For some context, I wanna have a way to filter for a certain value in a certain test. If a person has the required value, all his tests and their results should remain in the data. If not, all their data should be removed. The following code shoul help.
person <- c('pers1', 'pers1', 'pers2', 'pers2', 'pers2', 'pers3', 'pers3', 'pers4', 'pers5', 'pers5', 'pers6')
test <-c('a', 'b', 'a', 'b', 'c', 'b', 'c', 'a' , 'a', 'c', 'b' )
value <-c(2, 3, 4, 2, 1, 5, 7, 4, 1, 3, 1)
data <- data.frame(person,test,value)
head(data,20)
With the following code, I'm removing all the people who haven't had an "a" test. Which are person 3 and 6. I'm keeping every person who have had a test "a" done, with all their other test's stored aswell, so I later on can do some statistics and correlations.

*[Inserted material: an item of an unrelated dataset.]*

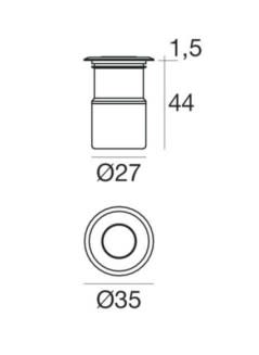 Il corpo dell'apparecchio, realizzato in ottone ot58, presenta una finitura di colore nichel, ottenuta tramite nichelatura galvanica + spazzolatura. Il grado di protezione è IP67; il peso complessivo è di 0.130kg. Il driver d’alimentazione non è fornito e deve essere ordinato separatamente.

data1 <- data[data$person %in% data[data$test=='a',]$person,]
data1
However, I want to add another layer on the "filtering". I want to filter out the people who's value in test "a" are 3 or above. Which means I would only have Person 1 and 5 left (with their other tests aswell.) to make things clear, this is what I want to have left:
person1 <- c('pers1', 'pers1', 'pers5', 'pers5')
test1 <- c('a', 'b', 'a', 'c')
value1 <- c(2,3,1,3)
data1 <- data.frame(person1,test1,value1)
data1
I hope this is enough data for you to work with. First time here posting a code.
CodePudding user response:
You can add that requirement to your sub-query
data[data$person %in% data[data$test=='a' & data$value<3,]$person,]
# person test value
# 1 pers1 a 2
# 2 pers1 b 3
# 9 pers5 a 1
# 10 pers5 c 3
If you wanted to use dplyr
, you could use group_by()
and filter()
library(dplyr)
data %>%
group_by(person) %>%
filter(any(test=="a" & value < 3))
CodePudding user response:
Using ave
from base R
subset(data, ave(test == 'a' & value < 3, person, FUN = any))
person test value
1 pers1 a 2
2 pers1 b 3
9 pers5 a 1
10 pers5 c 3